PATIENTS AND METHODS: A total of 553 consecutive assessable patients were enrolled onto a treatment protocol consisting of dexamethasone-containing induction chemotherapy, autologous stem-cell transplantation, consolidation chemotherapy, and maintenance with interferon alfa. Patients were randomly assigned to receive thalidomide (269 patients) or no thalidomide (284 patients) throughout the study period.

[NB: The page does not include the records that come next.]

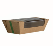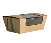 No Leak.* Ideal for hot or cold, for delivery or food to go. Suitable for hot cabinets – including Window boxes. * ‘No Leak’ applies to the folded microflute corners and seams – does not apply to the seal of the NatureFlex™ windows if you were to fill the box up to the window seal. No Leak excludes: TKMFB5X5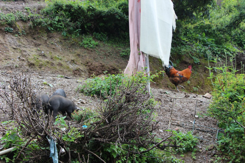 在路上遇到的黑猪,这里的猪肉一定很紧实。都是跑地猪~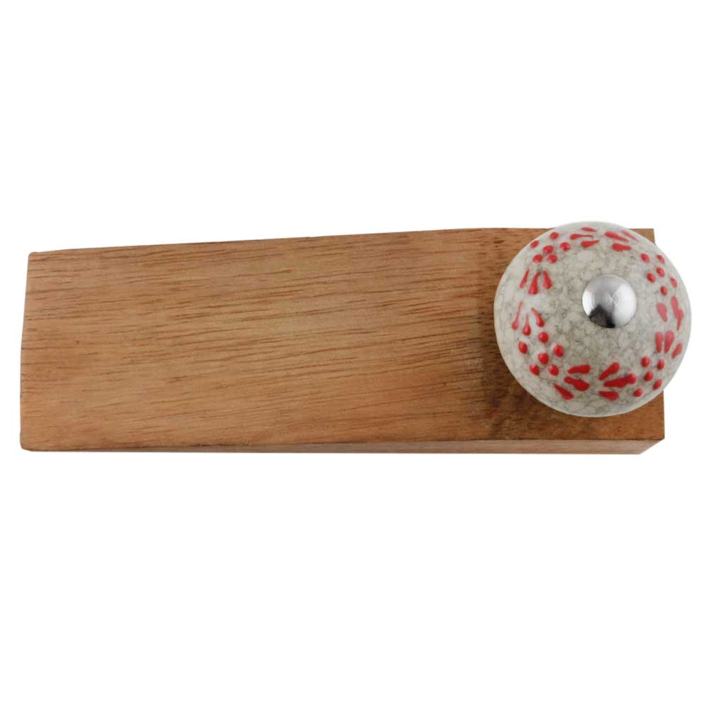 Handmade Ceramic and Wooden Door Stopper.Wooden Door Stopper with a Ceramic Knob to Carry it Easily. This Wooden Door Stopper has Glue Dots under it to Ensure that it does not Slip. It is Handmade by the Craftsmen of India and this Innovative Door Stopper won't Disappoint You.

RESULTS: With a median follow-up of 33 months (range, 5 to 114 months), AVN of the femoral head(s) developed in 49 patients (9%). Median time to onset of AVN was 12 months (range, 2 to 41 months). Three risk factors for AVN were identified by multivariate analysis: cumulative dexamethasone dose (odds ratio [OR], 1.028; 95% CI, 1.012 to 1.044; P = .0006 [per 40 mg dexamethasone]), male sex (OR, 0.390; 95% CI, 0.192 to 0.790; P = .009), and younger age (OR, 0.961; 95% CI, 0.934 to 0.991 per year; P = .0122). Thalidomide-treated patients had a prevalence of AVN similar to that of the control group (8% v 10%, respectively; P = .58). AVN-related pain and limited range of motion of the affected joint were present in only nine and four patients, respectively, and four patients underwent hip replacement because of AVN. Fluorine-18 fluorodeoxyglucose positron emission tomography failed to detect abnormal uptake in the AVN-affected bones.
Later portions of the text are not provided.